Das ZDF berichtete, die Frau sei stark selbstmordgefährdet und deswegen in künstlichen Schlaf versetzt worden. Weiter berichtete der Sender von Hinweisen, dass das Jugendamt noch am Mittwoch versucht habe, zu der Familie Kontakt aufzunehmen. Die Mutter soll nach dem Willen der Behörden dauerhaft in einer psychiatrischen Klinik bleiben. "Wir bereiten den Unterbringungsbefehl vor", sagte der Kieler Oberstaatsanwalt Uwe Wick. Die Frau soll so schnell wie möglich vor den zuständigen Amtsrichter gebracht werden.

Die etwa 450 Einwohner Darrys stehen nach der entsetzlichen Tat unter Schock. "So was haben wir hier noch nicht erlebt, das ist schlimm", sagt der 66-jährige Horst Milkereit. Sein Junge sei mit einem der getöteten Kinder in die erste Klasse der Grundschule gegangen, berichtet der 49 Jahre alte Nachbar Michael Wiesner. Sein Sohn wisse noch gar nichts von dem schrecklichen Geschehen. "Das gibt es doch gar nicht, das gibt es doch nur in den USA und nicht bei uns", sagt Wiesner.

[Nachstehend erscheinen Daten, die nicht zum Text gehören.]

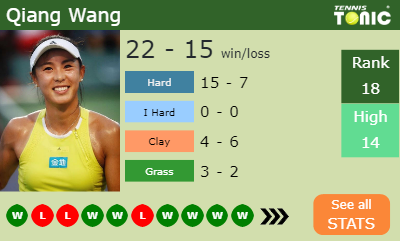 Qiang has a 22-15 win-loss record in 2019, 15-7 on hard (See FULL STATS).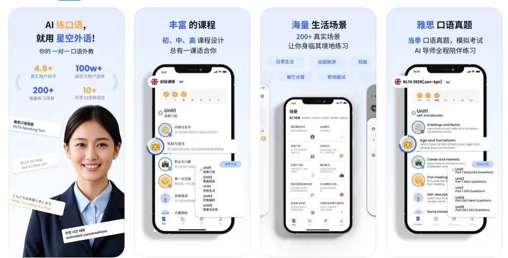 在众多雅思口语练习软件中,星空外语脱颖而出。它不仅功能丰富实用,还精准把握了雅思考生的核心需求。想象一下这样的场景:每天早上,打开应用,系统会根据你的水平给出当天的学习重点;上班路上,戴着耳机完成一套雅思第三部分的深度对话训练,系统会及时纠正你的语言表达和发音错误;中午休息时,花15分钟进行一次全面的口语测试,平台会迅速给出分数和改进建议;晚上,针对测试中发现的不足进行强化练习,看着自己的语言表达能力不断提升,你会充满成就感。
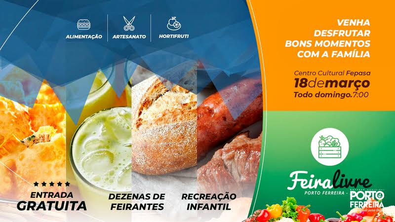 Dezenas de feirantes estarão reunidos neste domingo (18/03), a partir das 7 horas, para receber aqueles que desejam desfrutar bons momentos com toda a família e amigos. Será o primeiro dia de funcionamento da Feira Livre Municipal, que ocorrerá regularmente todos os domingos, no Galpão Permanente de Exposição e Eventos Luiz Antônio Camarotti, no Centro Cultural Fepasa.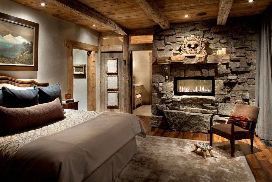 Хорошим решением станет в спальне с интерьером на направлении шале обустройство камина, облицованного каменной кладкой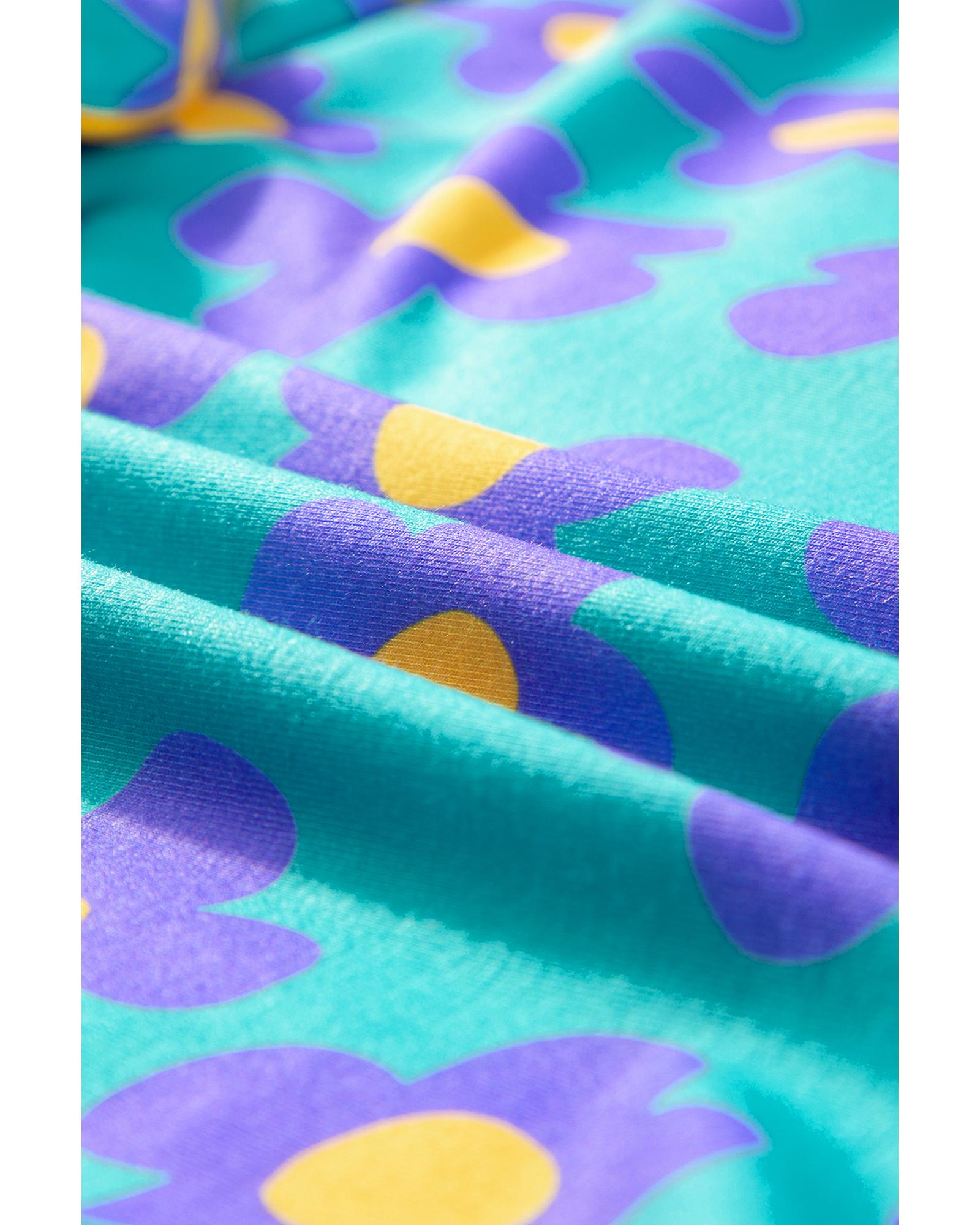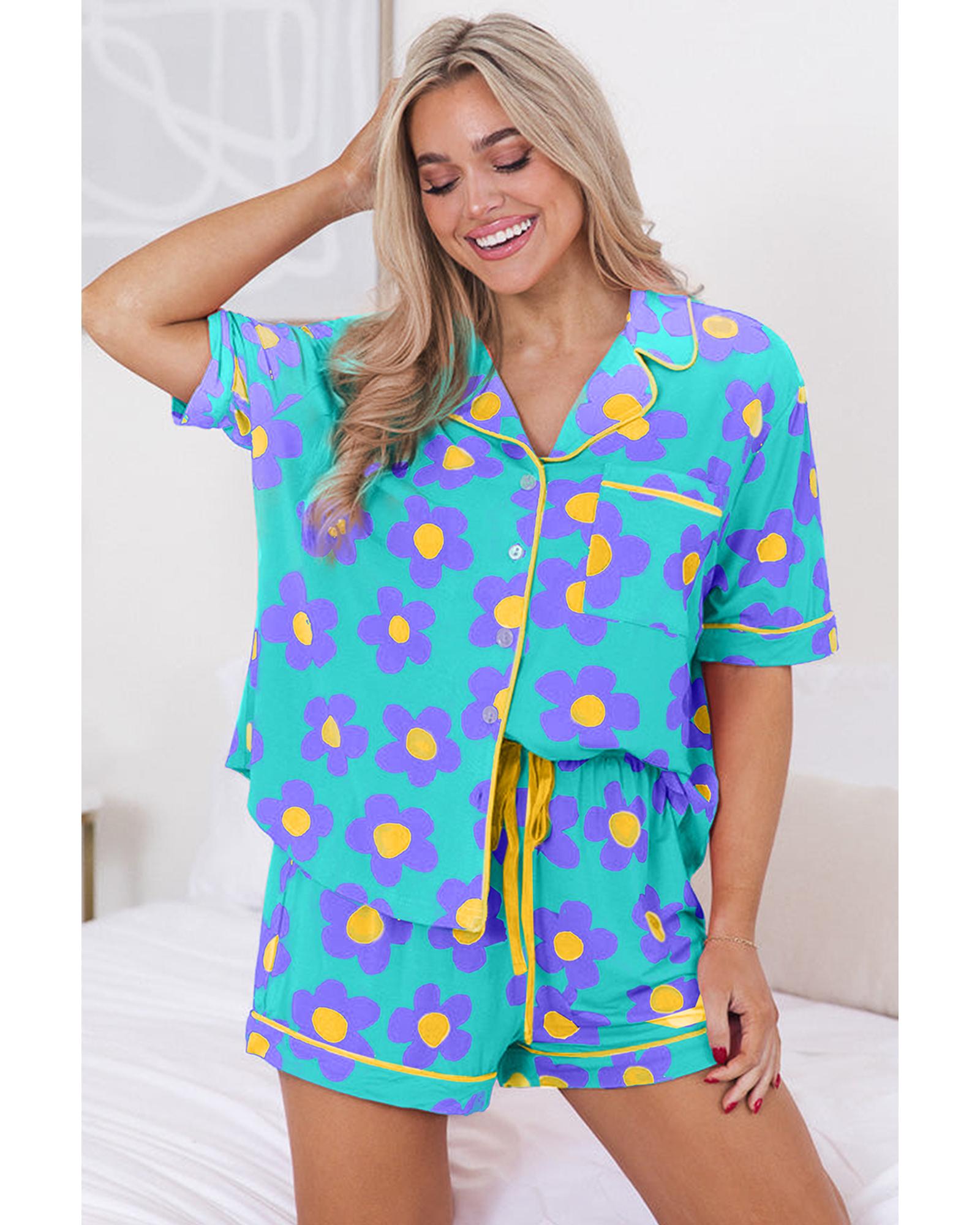 Green Flower Print Short Sleeve Shirt Pajamas Set – S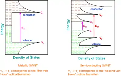 - The energies between the Van Hove singularities depend on the nanotube structure. Thus by varying this structure, one can tune the optoelectronic properties of carbon nanotube. Such fine tuning has been experimentally demonstrated using UV illumination of polymer-dispersed CNTs.[10]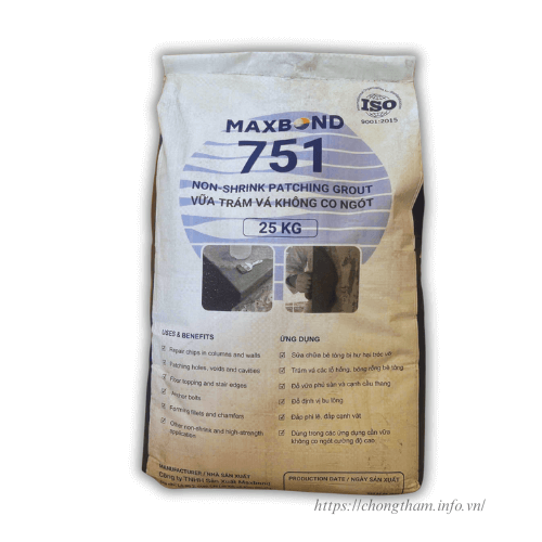 Đổ 4 lít nước sạch vào thùng chứa sau đó đổ từ từ đổ bột Maxbond 751 vào, dùng máy khuấy tốc độ chậm khuấy đều để nước và bột hòa quyện vào nhau. Thêm 0.25 lít nước còn lại vào hỗn hợp để điều chỉnh độ sệt. Khuấy đều trong vòng 3 phút để tạo thành hỗn hợp đồng nhất không vón cục.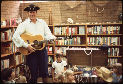 Here is a photographic slide of Gilbert Lail Winchester as his alter ego "Captain Windy" entertaining children at the Gaston-Lincoln Regional Library.
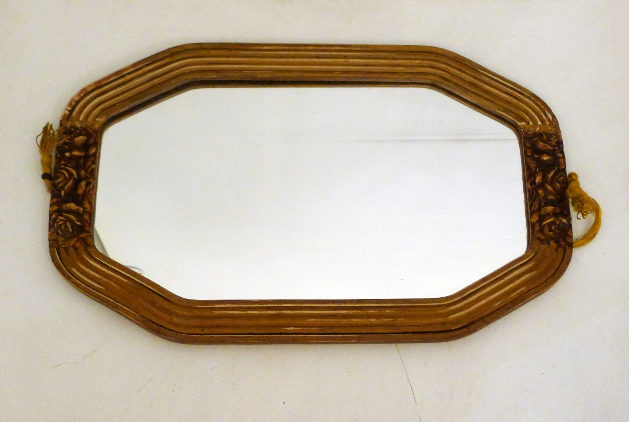 Miroir mural Art Déco, format octogonal paysage, cadre rainuré & motif floral sculpté ; en bois patiné doré ; 1930′ / 1940′

Waren die Kinder verwahrlost?

Nach Informationen von "Spiegel Online" soll Lehrern der örtlichen Grundschule ein verwahrloster Zustand der beiden älteren Kinder aufgefallen sein. So seien sie ohne Jacke oder mit alten Pausenbroten in der Schule aufgetaucht. Wie die Internet-Seite weiter berichtet, sei das Jugendamt informiert gewesen. Es habe die Familie am Mittwoch aufsuchen wollen, weil die Kinder nicht in die Schule gekommen waren.

Die Familie, in der sich das Drama abspielte, sei vom Jugendamt betreut worden, sagte die Frau des Bürgermeisters von Darry, Stefanie Arnold, der Deutschen Presse-Agentur dpa. Berichte über eine Verwahrlosung der Kinder bestätigte sie nicht. "Die Kinder machten einen ordentlichen Eindruck. Wir haben uns nie vorstellen können, dass hier so etwas passiert."